Os reflexos da dialética social que mobiliza o Direito perante as cortes podem ser observados mesmo quando a controvérsia reside em questões processuais. Foi o caso da ADC 19 e da ADI 4424, que versaram sobre aspectos da instrução judicial nos crimes referentes a violência doméstica e familiar contra a mulher.
Na ADC 19, o STF afirmou a constitucionalidade do dispositivo da Lei Maria da Penha que vedava a aplicação do procedimento sumaríssimo nos crimes dessa natureza, ainda que a pena cominada, tecnicamente, permitisse-o. Ou seja, ainda que presente requisitos que atraíssem para o caso a competência do Juizado Especial Criminal, a lei, e, em controle de constitucionalidade, o STF, reconheceram a relevância social da matéria, reservando tais casos à instrução mais meticulosa e abrangente do procedimento criminal comum.
Já na ADI 4.424, foi decidido que lesões corporais resultantes de violência doméstica contra a mulher devem ser processadas por meio de ação penal pública incondicionada. Ou seja, havendo indícios dessa violência, o MP pode fazer a denúncia independentemente de representação da vítima.
Verifica-se, em ambos os casos, a mobilização do Tribunal frente a uma luta social que se institucionaliza. Essa mobilização é tanto indireta, em razão da mera existência da Lei Maria da Penha – cuja materialização eventualmente obrigou a Corte a se manifestar sobre –, quanto direta, evidenciada pela participação de entidades ligadas a movimentos sociais na ADC 19. De qualquer forma, ambos os julgados podem ser observados como a continuação de uma pauta social que tem como paradigma a edição da lei em tela.
No primeiro julgado citado, a mensagem é clara: ainda que determinada conduta possa ser classificada como de menor potencial ofensivo, dentro deste contexto – de violência doméstica contra a mulher –, ela não será assim processada.

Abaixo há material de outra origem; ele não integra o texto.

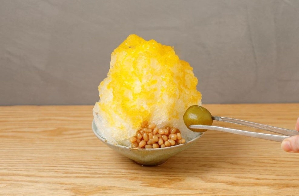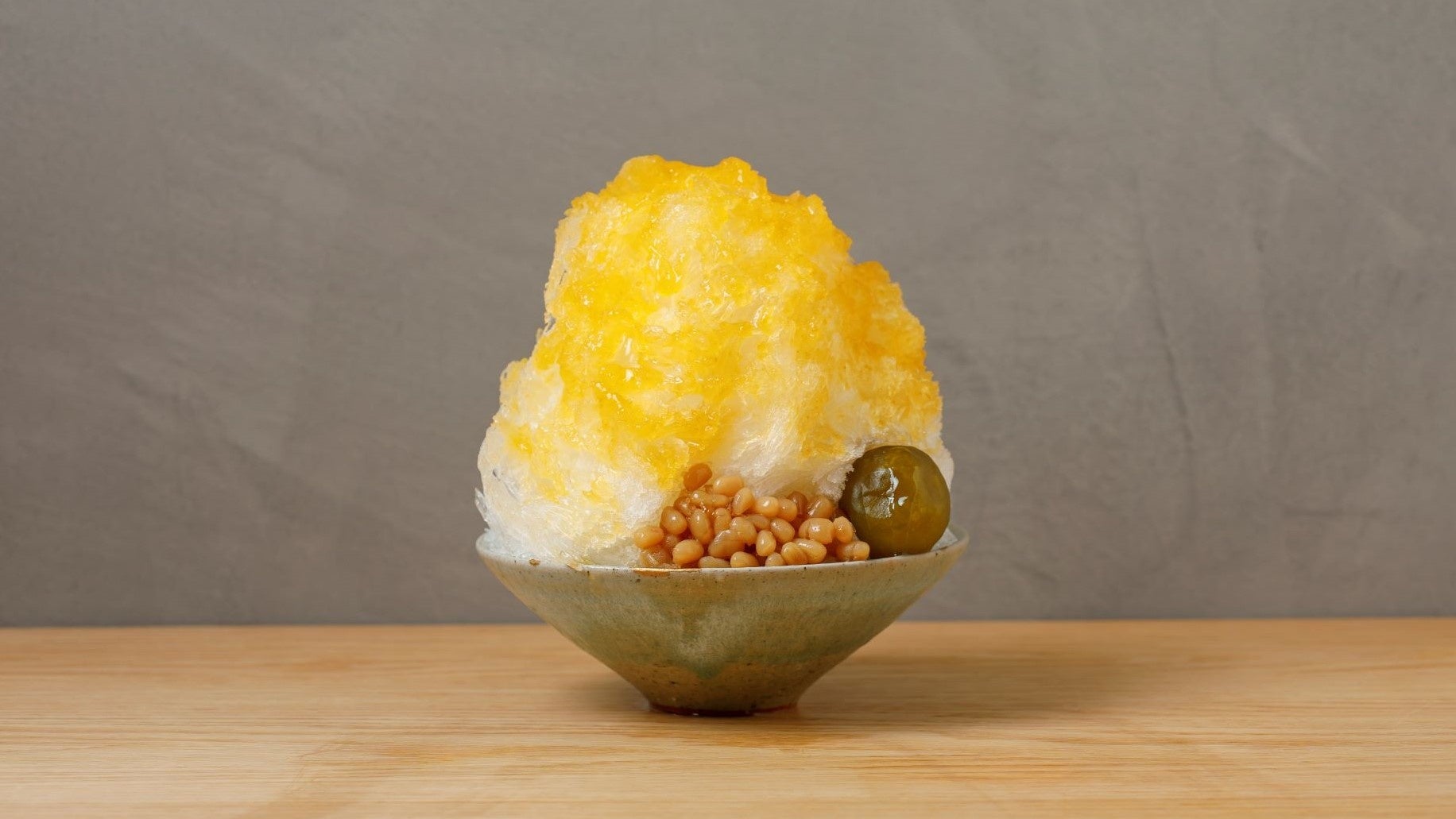 蝶矢の店舗で使われた梅シロップの漬け梅 を使ったかき氷「至極の梅かき氷」をHyss op※1にて提供いたします。 国産梅の肉厚でジューシーな食べごたえと 芳醇な香りを存分に楽しんでいただけま す。無色透明の自家製青紫蘇シロップ、食 感の変化が楽しい白あずきとハト麦スナッ クをトッピング。氷の中に入った自家製サワークリームアイスは程良い塩味が “漬け梅” との相 性抜群です。別添えでご用意する「The CHOYA 至極の梅シロップ」を回しかけると、完熟南 高梅の鮮やかな黄色に変化し、華やかな香りとみずみずしさがプラスされます。 自家製にこだわり、添加物に頼らない食材の力を活かした、まさに「至極の梅かき氷」です。
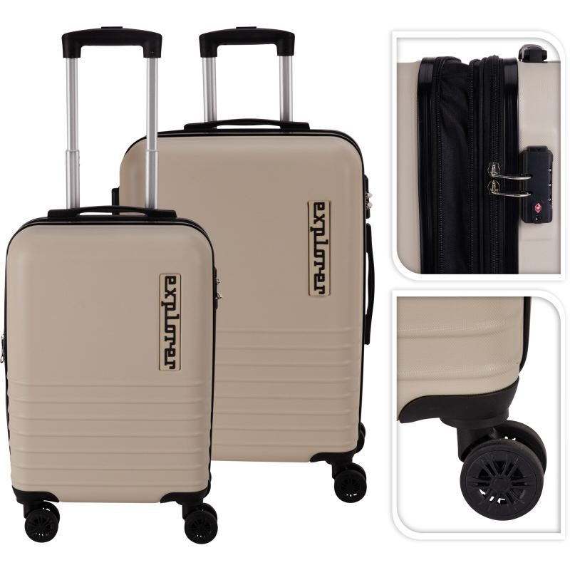 Vychutnejte si cestování ve stylu s touto luxusní sadou dvou cestovních kufrů v odstínu tmavě šedé s elegantními černými detaily. Kufry jsou vyrobeny z odolného ABS materiálu, který zajišťuje maximální ochranu vašich věcí.

Já o segundo julgado, ao permitir que o MP não se condicione à representação da vítima, passam a ser objetos da lei os casos em que a situação de vulnerabilidade da mulher é tamanha que, mesmo diante de agressão, ela não se vê em condições de denunciar o agressor.
Portanto, a atuação da Corte fortificou as disposições da lei em questão e ampliou seus mecanismos de proteção. Nos termos de Mc Cann, esse enquadramento legal mais severo opera em nível constitutivo, fomentando o repúdio à violência doméstica e encorajando denúncias. Também opera em nível estratégico, pois abre mais caminhos para que diversos atores possam levar eventuais agressões à apreciação judicial, que se processará ainda que a vítima não esteja em condições, por motivos de coação do agressor ou de qualquer tipo de vulnerabilidade, de representação.
As decisões trazidas pacificaram divergências que existiam a respeito da aplicação da Lei Maria da Penha. Em ambos os casos, as decisões do STF foram ao encontro do caráter protetivo desse diploma, ampliando o alcance do Estado nos casos de crimes de violência doméstica contra a mulher, ainda que se tratasse de questões eminentemente processuais. Toda mobilização social que antecedeu e resultou na edição da Lei n. 11.340/2006, 6 anos depois, toma a via judicial na forma das ações trazidas neste texto. Essa dinâmica evidência que o fenômeno da judicialização não se inicia nos tribunais e nem se restringe a eles, mas é fruto de uma ação coletiva espontânea que, agora, busca outros caminhos, além do político, para a efetivação de direitos.